The Inland Revenue Department's Departmental Interpretation and Practice Note No. 42 ("DIPN 42"), published in November 2005, states that where a taxpayer adopts an accounting standard in its audited accounts, the Commissioner will follow that standard and assess the corresponding tax liability. Tax practitioners have generally adopted DIPN 42. As the CFA has now confirmed the lower courts' judgments that the principles of tax law will always prevail over any inconsistencies generated by accounting standards, this particular aspect of DIPN 42 should not be followed. Moreover, when preparing accounts, the taxpayer should actively adjust those accounts in order to conform to the principles of taxation.
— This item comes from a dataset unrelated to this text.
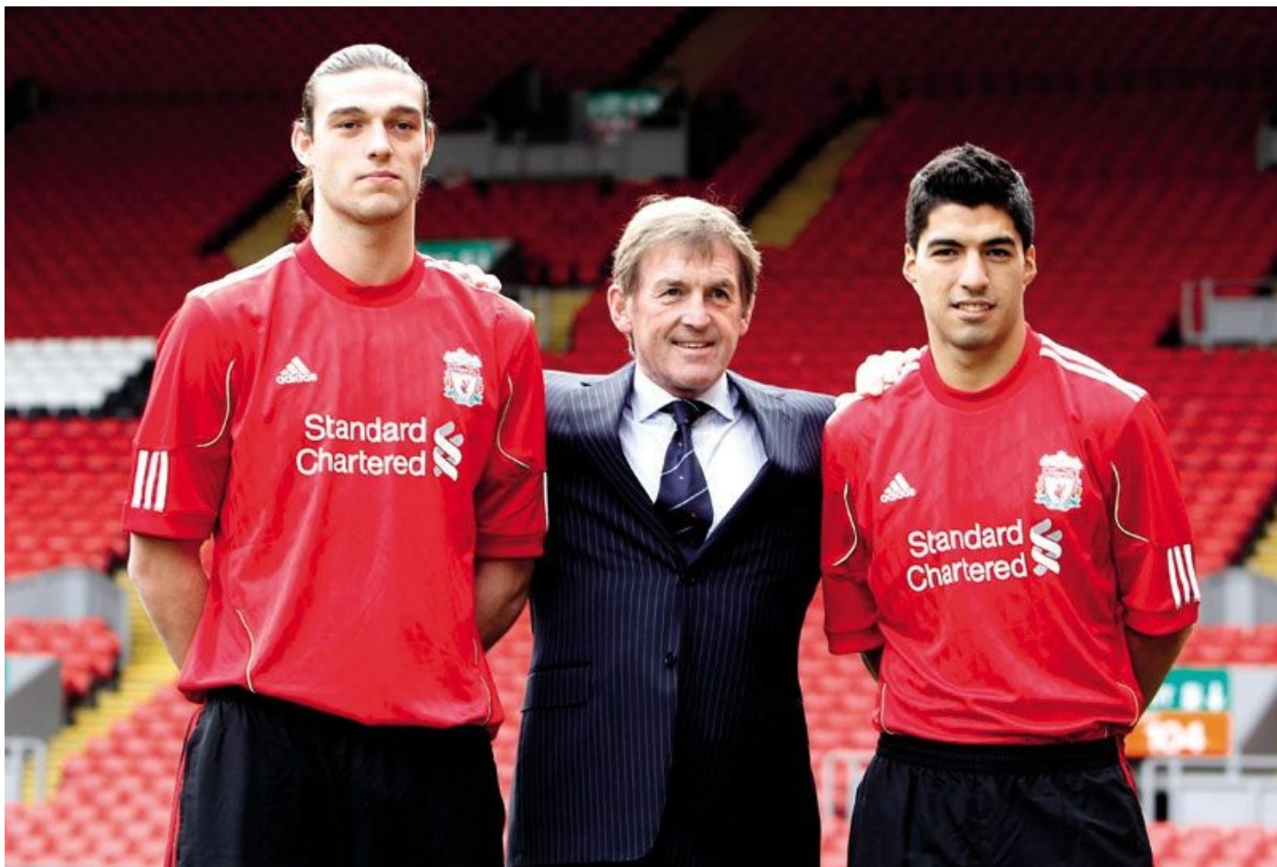
Met King Kenny op Anfield. Samen met de andere nieuwe aanwinst, Andy Carroll, sta ik naast de beroemdste nummer 7 aller tijden van Liverpool.

The CFA also noted the Inland Revenue in the United Kingdom had originally doubted the new accounting standards as being suitable for the assessment of tax. Owing to a possible need for government revenue, the Inland Revenue had changed its mind. Lord Millett considered that the present decision of the CFA could well be considered a dry run for any challenges to that changed position.
Lastly, section 70A of the Inland Revenue Ordinance allows taxpayers to apply for correction of an assessment within six years after the end of a year of assessment or within six months after the date on which the relevant notice of assessment was served, whichever is the later. It remains to be seen whether taxpayers who paid profits tax on unrealised profits that were never actually realised, may be eligible for a refund due to the decision of the CFA.
1 Re Spanish Prospecting Co Ltd  1 Ch 92, English Court of Appeal.
2 In Commissioner of Inland Revenue v. Secan Ltd (2000) 3 HKCFAR 411.